** TASK ITEM **
Print the listing as it stands, omitting all images.

** GIVEN RECORDS **
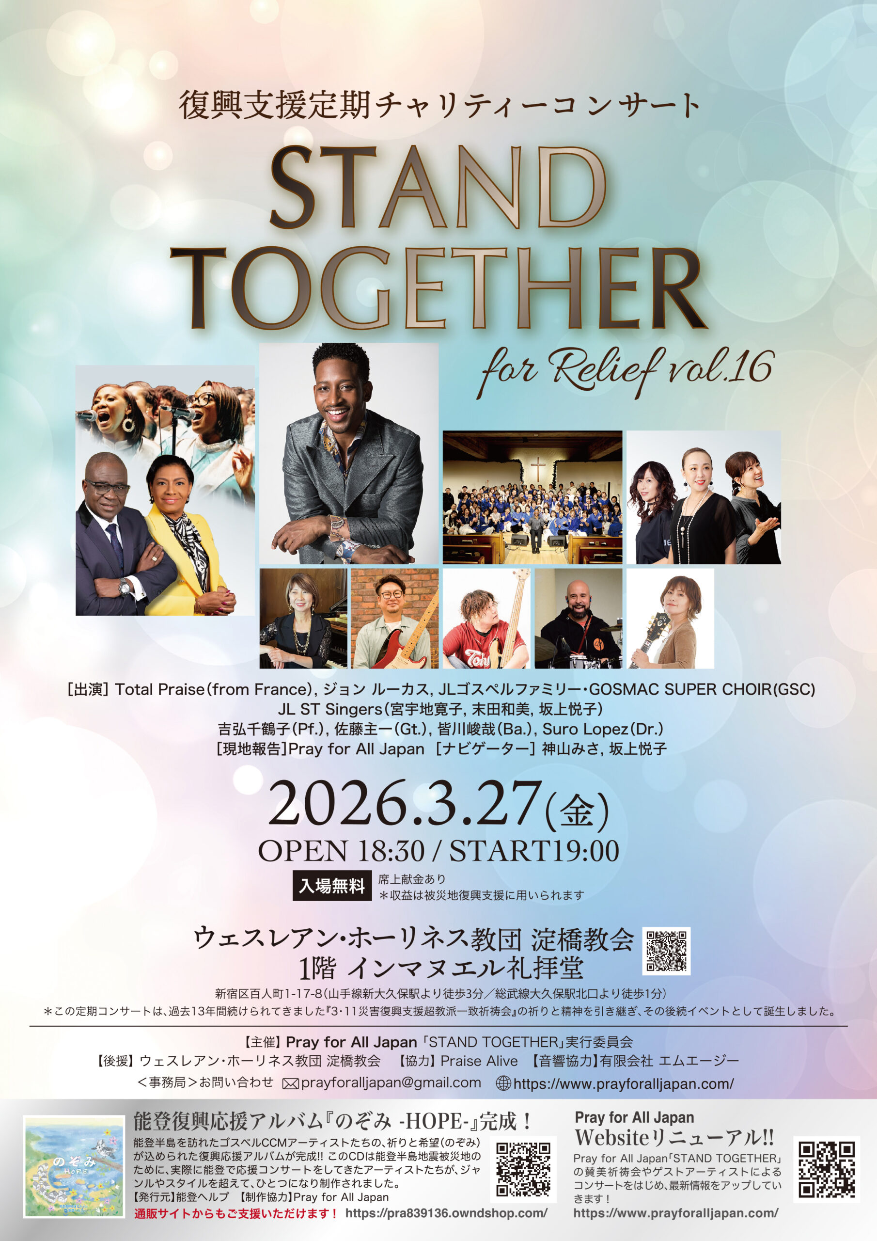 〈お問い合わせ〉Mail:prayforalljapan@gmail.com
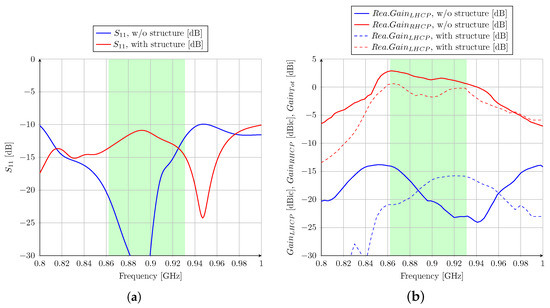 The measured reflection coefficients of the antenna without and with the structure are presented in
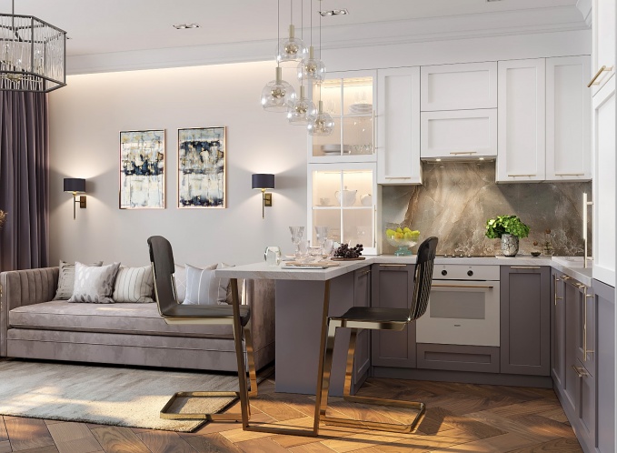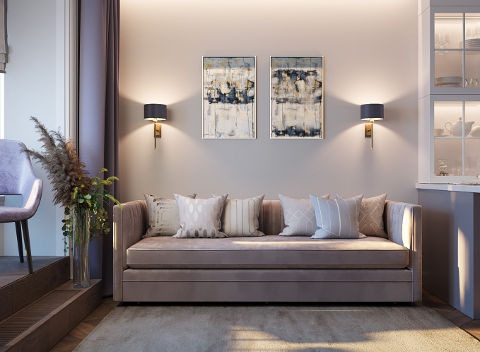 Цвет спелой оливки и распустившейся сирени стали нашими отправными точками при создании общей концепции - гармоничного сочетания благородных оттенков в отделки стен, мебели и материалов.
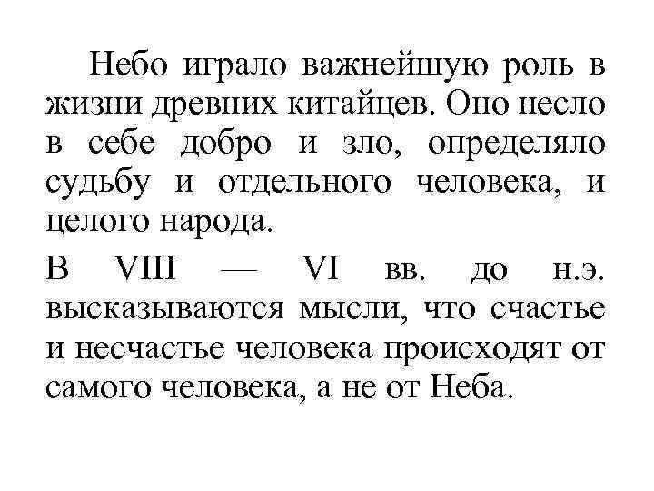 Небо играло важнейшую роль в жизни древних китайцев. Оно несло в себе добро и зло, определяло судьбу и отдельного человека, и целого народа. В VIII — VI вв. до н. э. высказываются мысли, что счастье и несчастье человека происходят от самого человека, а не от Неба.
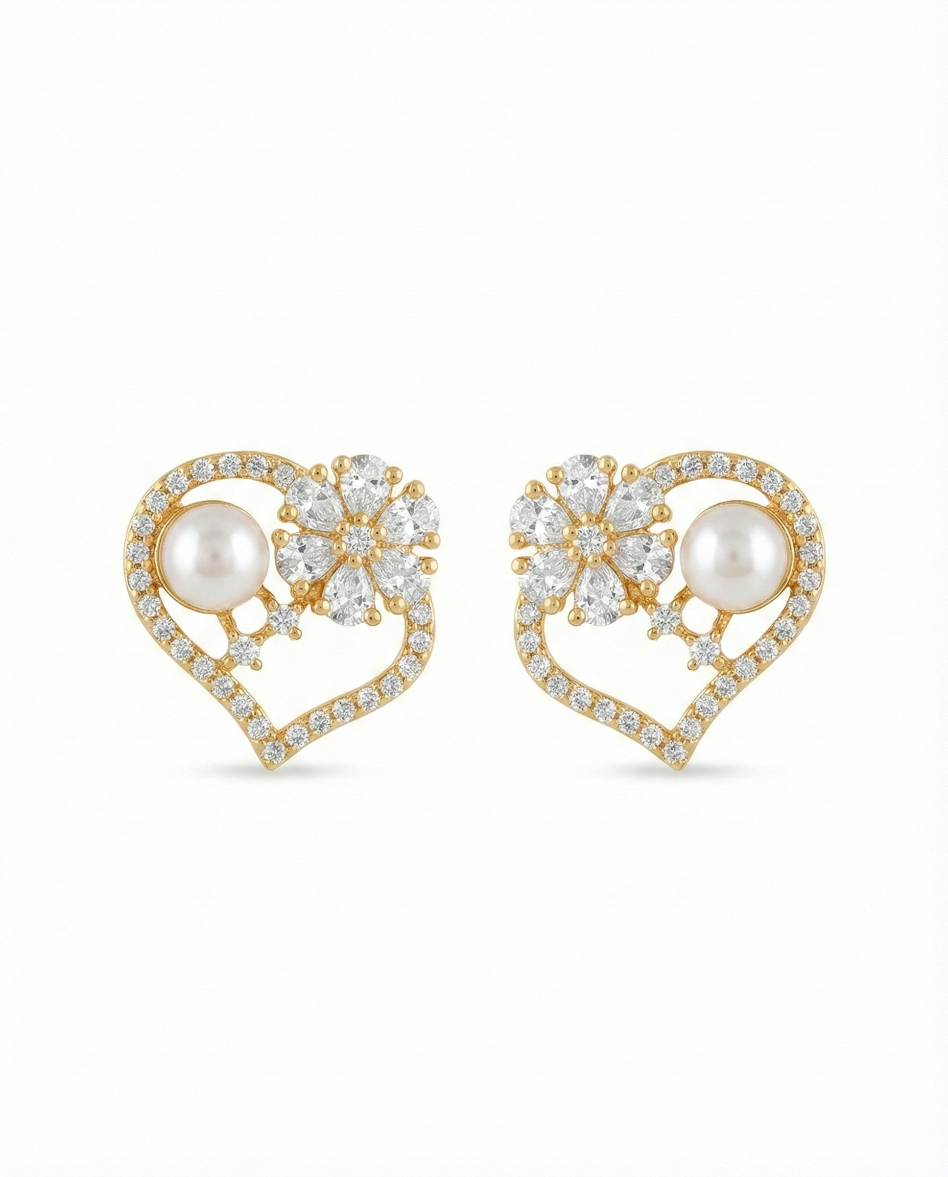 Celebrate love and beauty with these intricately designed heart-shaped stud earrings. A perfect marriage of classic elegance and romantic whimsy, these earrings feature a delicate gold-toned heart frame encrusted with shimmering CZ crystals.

** REPLY **
 〈お問い合わせ〉Mail:prayforalljapan@gmail.com
 The measured reflection coefficients of the antenna without and with the structure are presented in
 Цвет спелой оливки и распустившейся сирени стали нашими отправными точками при создании общей концепции - гармоничного сочетания благородных оттенков в отделки стен, мебели и материалов.
 Небо играло важнейшую роль в жизни древних китайцев. Оно несло в себе добро и зло, определяло судьбу и отдельного человека, и целого народа. В VIII — VI вв. до н. э. высказываются мысли, что счастье и несчастье человека происходят от самого человека, а не от Неба.
 Celebrate love and beauty with these intricately designed heart-shaped stud earrings. A perfect marriage of classic elegance and romantic whimsy, these earrings feature a delicate gold-toned heart frame encrusted with shimmering CZ crystals.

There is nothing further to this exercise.